- Italian theatrical release poster
- Italian: Una breve vacanza
- Directed by: Vittorio De Sica
- Screenplay by: Cesare Zavattini
- Story by: Rodolfo Sonego
- Produced by: Arthur Cohn
- Starring: Florinda Bolkan; Renato Salvatori; Daniel Quenaud; José María Prada; Adriana Asti;
- Cinematography: Ennio Guarnieri
- Edited by: Franco Arcalli
- Music by: Manuel De Sica
- Production companies: Verona Produzione; Azor Films;
- Distributed by: Cinema International Corporation
- Release dates: 21 July 1973 (Taormina); 7 September 1973 (Italy); 2 June 1975 (Spain);
- Running time: 106 minutes
- Countries: Italy; Spain;
- Language: Italian

= A Brief Vacation =

1973 film by Vittorio De Sica

A Brief Vacation (Una breve vacanza) is a 1973 melodrama film directed by Vittorio De Sica. The screenplay was written by Cesare Zavattini, was inspired by an Apollinaire adage ("Sickness is the vacation of the poor").
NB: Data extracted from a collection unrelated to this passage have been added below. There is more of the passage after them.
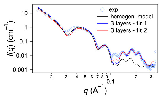 The model reproduces most of the features of the curve at low angles and at high angles, especially the shape of the first oscillations, and most of the oscillations above 0.1 Å−1 (Figure 7). The overall shape of the massif between 0.1 and 0.3 Å−1 can therefore be explained by a particular radial scattering length density profile resulting from a regular organization of the molecules within the walls of the tubes.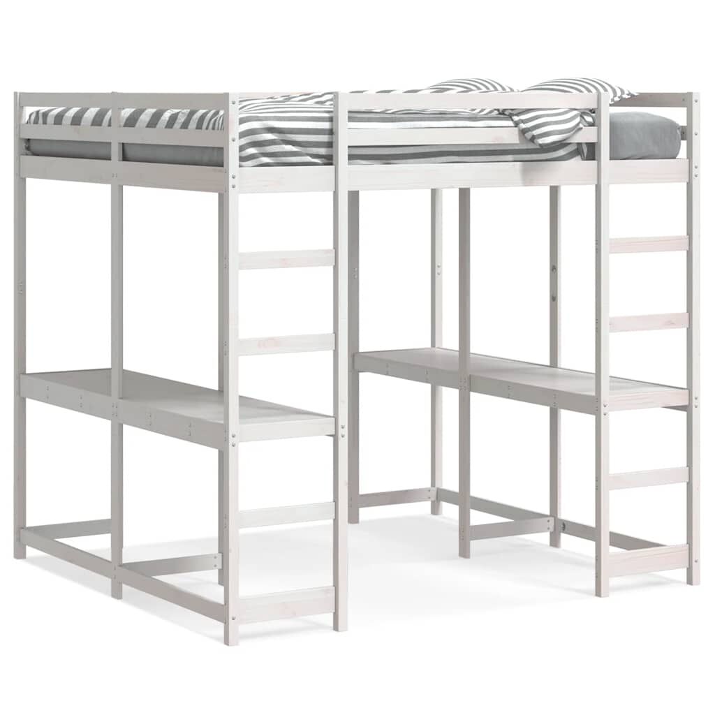 vidaXL fehér tömör fenyőfa galériaágy asztallal és létrával 140x200 cm
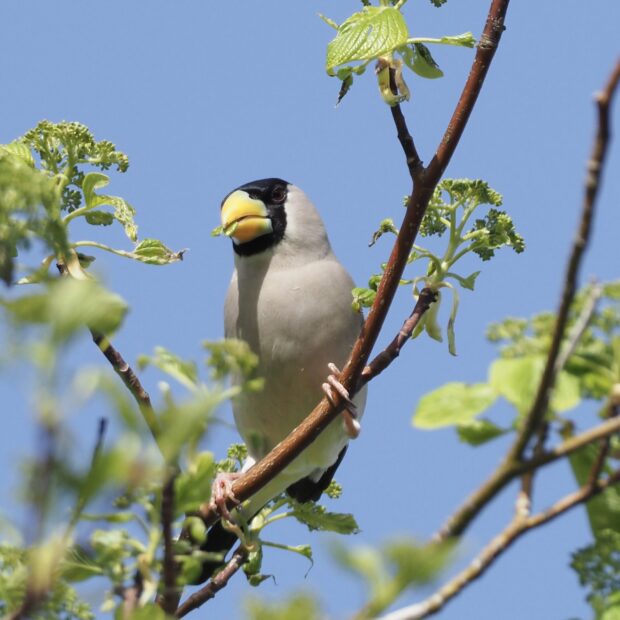 基本的には群れで行動し、 樹上で木の実や木の芽を採食しますが、 地面におりて採食する場合もあります。

The film addresses issues such as the health care system, labor conditions, spousal satisfaction, and class struggle.

==Plot==
A female factory worker from Calabria falls ill on the job and is prescribed a stay at a mountain retreat. She goes despite her husband's wishes, leaving behind her thankless work shift and her frustrating in-laws, but also her three children.

==Cast==
- Florinda Bolkan as Clara Mataro
- Renato Salvatori as Franco Mataro, the husband
- Daniel Quenaud as Luigi, Clara's lover
- José María Prada as Dr. Ciranni
- Teresa Gimpera as Gina
- Hugo Blanco as brother-in-law
- Julia Peña as Edvige
- Miranda Campa as Nurse Guidotti
- Angela Cardile as the redhead
- Anna Carena as mother-in-law
- Monica Guerritore as Maria
- Maria Mizar as Nurse Garin
- Alessandro Romanazzi as son
- Adriana Asti as Scanziani
- Christian De Sica as Mariani

==Critical reception==
The New York Times said in its review, "The director's personal warmth is unwavering throughout, and the film makes an honorable ending to his career."

The film was nominated for Best Foreign Language Film by the U.S. National Board of Review.

Florinda Bolkan won the inaugural Best Actress prize from the Los Angeles Film Critics Association for her performance.